%%

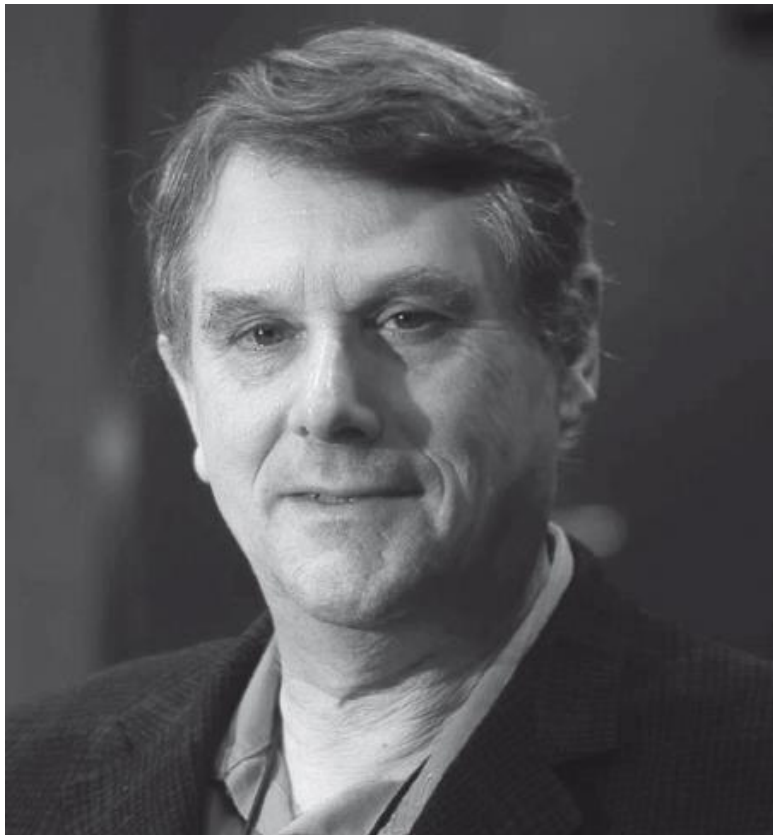
Рис. 7. Гордон Гайатт [88].

Термин «доказательная медицина» ввел в 1990 году Гордон Гайатт (рис. 7) из Университета Макмастера [89]. До-
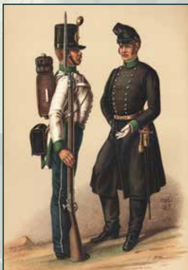
Voják a důstojník olomouckého c. k. řadového pěšího pluku č. 54, 40. léta 19. století
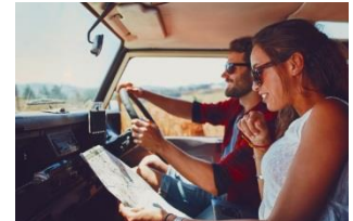
移動中も妥協しない
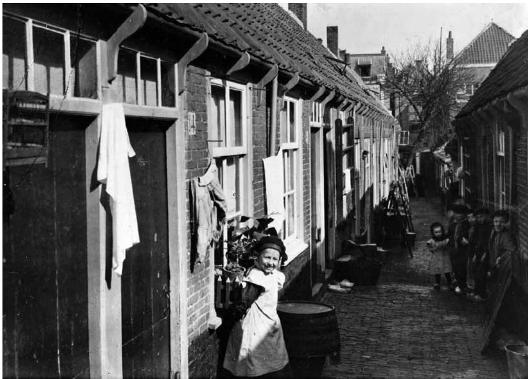
6. Woonomstandigheden in het dorp Scheveningen hofjes rond 1916.

Barmhartigheid hadden hun handen en ook hun huizen vol. Maar op Scheveningen ontbrak nog een dergelijke voorziening. Dat betekende dat Scheveningse kinderen in noodsituaties terechtkwamen in een opvanghuis in Den Haag of buiten de stad. In beide gevallen veroorzaakte dat aanpassingsmoeilijkheden. Zoals Roosje
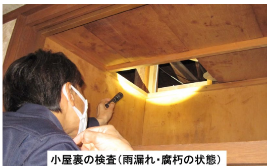
小屋裏の検査(雨漏れ・腐朽の状態)
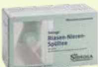
Sidroga Blasen-Nieren-Spültee* 20 Filterbeutel
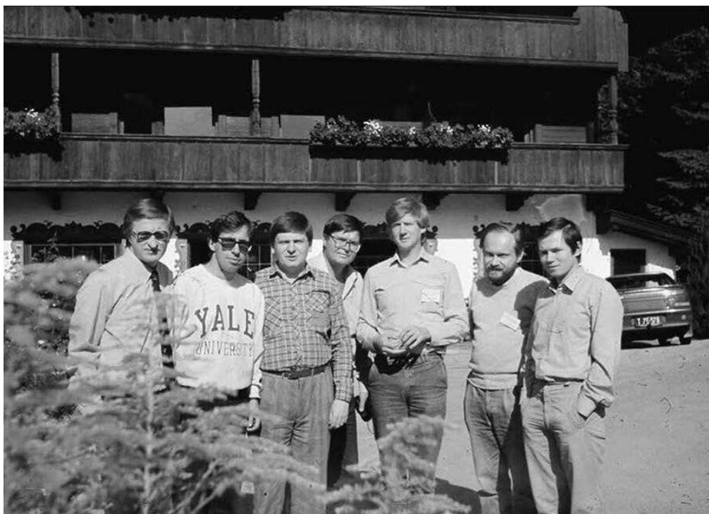
Рис. 4. Знакомые всё лица: младореформаторы на спецкурсах в Австрии, https://avatars.mds.yandex.net/get-pdb/1054037/1ad77cdc-44ca-41c4-966f-fff8f589489c/s1200?webp=false

Или мы так и не оценили старания вот этих «мальчиков-терминаторов», некогда прошедших спецкурсы США в Австрии, и некоторые из которых правят Россией и по сей день, находясь в ближнем круге лидера нации?

%%

# [Task item]
Check each line of the material for the string "Австрии" and say how many lines have it. Give the number only.

# [Solution for this problem]
2